LTX Video 2.3
Lightricks · Released May 2026
What It Actually Is
LTX Video 2.3 is what happens when a company asks: “What if the video model could also hear?” Lightricks — the Israeli company behind the Facetune photo editor that launched a thousand Instagram controversies — built a 22-billion parameter video diffusion model that does something no other locally-runnable model can do: it generates video and synchronized audio in a single forward pass.
Think about what that means. You type a prompt describing a scene — a rainstorm hitting a tin roof, a character delivering a monologue, a guitar being strummed in a coffee shop — and the model generates not just the video but the sound. Rain pattering. Voice speaking. Guitar resonating. In one generation. No separate audio model. No manual synchronization. No praying that the lip movements vaguely match a separately generated voice track.
The model comes in three flavors: Dev (balanced quality and speed), Distilled (optimized for fast iteration), and Pro (maximum quality, maximum patience required). All three generate at native 1080p with upscaling to 4K available, and all three support clips up to 20 seconds — generous by local model standards. The speed advantage over competitors like Wan 2.1 is significant, especially with the Distilled variant, which makes the rapid prompt-tweak-regenerate cycle actually practical.
One genuinely interesting detail: Lightricks licensed their training data from Getty Images and Shutterstock rather than scraping the open internet. This doesn’t make you legally invincible — copyright law around AI training is still being written in courtrooms worldwide — but it does meaningfully reduce the risk surface for commercial use. It’s the difference between building your house on land you bought versus land you’re pretty sure nobody owns.
Now, the honesty section. The license is not Apache 2.0. It’s a custom Lightricks license that’s free for individuals and companies with less than $10 million in annual revenue. Above that line, you need a commercial agreement. For most independent creators and small studios, this distinction is academic — you’re covered. But if you’re building a product at a well-funded startup or an enterprise, this matters. Wan 2.1’s Apache 2.0 license has no such ceiling. Read the license.
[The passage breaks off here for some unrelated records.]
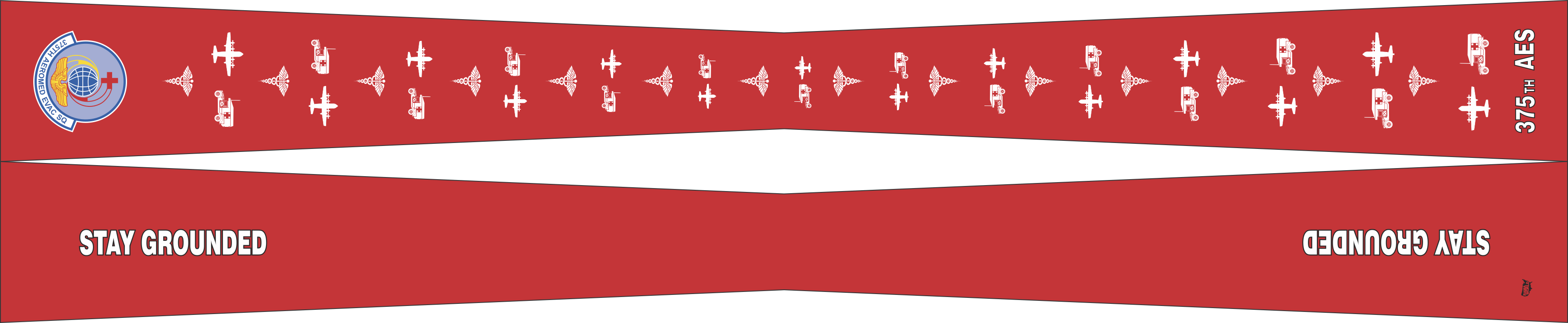Scott AFB 375 AES Flight Scarf. Red Background With Aircraft, Caduceus Logo & Humvee Pattern Along the Body of the Scarf, SQ Patch & Text on the Ends. "Stay Grounded" Text on the Opposite Side of the Scarf. Size: 4" x 2" x 4" x 48".
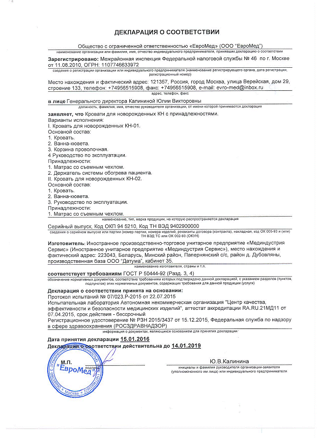 ………… Регистрационное удостоверение РФ на Кровать для новорожденных КН
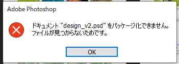 Photoshopのパッケージ化が失敗するようになり困っています。

Actually read it.
Key Strengths
- Native audio-video generation: This is the headline feature and it’s genuinely unique among local models. LTX Video 2.3 generates synchronized dialogue, music, ambient sound, and sound effects alongside the video in a single forward pass. No separate audio model, no post-processing sync step.
- Speed leader: Significantly faster than Wan 2.1 and other frontier local models at comparable quality. The Distilled variant is optimized for rapid iteration — useful when you’re experimenting with prompts and need quick feedback loops.
- Native 1080p, up to 4K: Generates at 1080p natively, with built-in upscaling to 4K. Most competing local models top out at 720p without external upscalers.
- Licensed training data: Trained on content licensed from Getty Images and Shutterstock. This doesn’t make you legally bulletproof, but it meaningfully reduces copyright risk compared to models trained on scraped internet video.
- Multiple model variants: Choose between Dev (balanced), Distilled (fast), and Pro (maximum quality) variants depending on your hardware and quality needs. Supports 24fps and 48fps output.
- Up to 20 seconds per clip: Generates clips up to 20 seconds long — longer than most competitors’ 5-10 second limit — reducing the need for multi-shot stitching.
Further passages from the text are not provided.